By changing the 52 in the section of the query < (now() - '52 weeks'::interval) to what ever minimum age we want, we can create a list of histories to be deleted.

3. Deleting the histories

So the next thing to do is mark the histories we have just selected as deleted. This is just an update query of the above query. This will not actually delete the data off the disk but set it up so it will be deleted when we run the regular pgcleanup scripts.
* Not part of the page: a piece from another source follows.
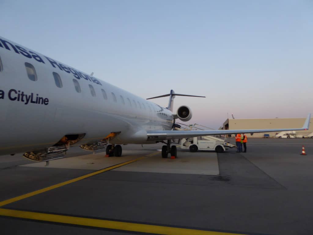 De Bombardier CRJ-900 van Lufthansa staat al gereed, maar we moeten nog even wachten voordat we daadwerkelijk aan boord mogen.
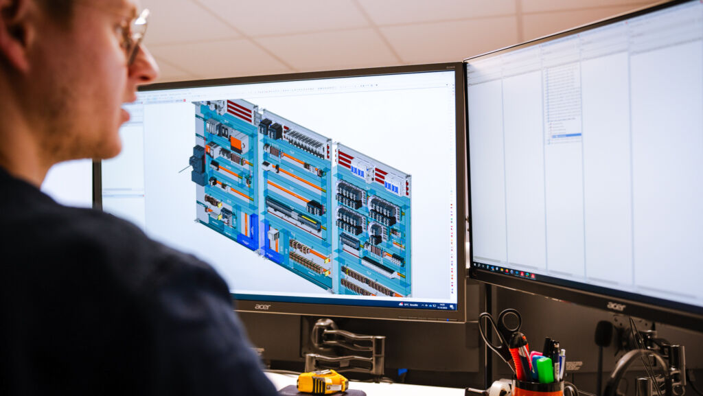 Beim Elektro-Engineering arbeitet Röring mittlerweile im zehnten Jahr mit der Eplan Plattform. „Unser Ziel ist es, mit smarten Lösungen große Wirkung erzielen‘ und das gelingt uns auch,“ sagt Aagten. Mit Eplan Electric P8 erstellen die Elektrokonstrukteure – meist auf der Basis von Step-Daten, die der Kunde bereitstellt – allpolige und auch einpolige Schaltpläne. Dabei nutzen sie das Data Portal und auch im eigenen Hause entwickelte Standards und Makros. Die 3D-Schaltschrankplanung erfolgt ebenso auf der Basis von Eplan Pro Panel wie das Routing, die Bündelung und die Konfektionierung der Leitungen. Und wenn das Engineering abgeschlossen wird, werden die Eplan-Daten weiter genutzt. Elektrokonstrukteur Kevin Korte: „Den fertigen Schaltplan laden wir über eView in die Eplan Cloud. Die Kollegen in der Werkstatt arbeiten auf dieser Basis, und dank Red- und Greenlining können alle Beteiligten immer auf den jeweils aktuellen Datenstand zugreifen.“

As we use a cutoff of 10 days for the pgcleanup scripts, the histories and underlying data will not be purged from disk for a further 10 days.

  • The update script takes the form of:

    UPDATE history
    SET deleted = TRUE
    FROM
        (
            SELECT h.id
            FROM history h
            WHERE
                h.update_time < (now() - '13 weeks'::interval)
                AND h.deleted = FALSE
                AND h.published = FALSE
            ORDER BY h.id
        ) AS subquery
    WHERE
        history.id = subquery.id;
  • Where 13 weeks can be changed to whatever age we like. 13 weeks is a rounded figure close to our policy of 90 days.

4. Purge the histories and associated data from Disk.

Running the last 4 of the regular clean up script operations will purge the histories and remove the associated data from disk.

>$ python ./scripts/cleanup_datasets/pgcleanup.py -o 10 -s purge_deleted_histories

>$ python ./scripts/cleanup_datasets/pgcleanup.py -o 10 -s purge_deleted_hdas

>$ python ./scripts/cleanup_datasets/pgcleanup.py -o 10 -s delete_datasets

>$ python ./scripts/cleanup_datasets/pgcleanup.py -o 10 -s purge_datasets

but only 10 days after the query in part 3 has been run.

TO DO:

  • Automate the process in part 3 to:
    • Run the select query with last update_time being 11 weeks in the past and email users that their history (with the history name) is scheduled for deletion in 2 weeks and that they may wish to download it.
    • Run the update query with update_time being 13 weeks in the past 2 weeks after the first one and mark the histories as being deleted.
    • Run the pgcleanup scripts and set the disk purge for 10 days.
  • This process should run approximately weekly.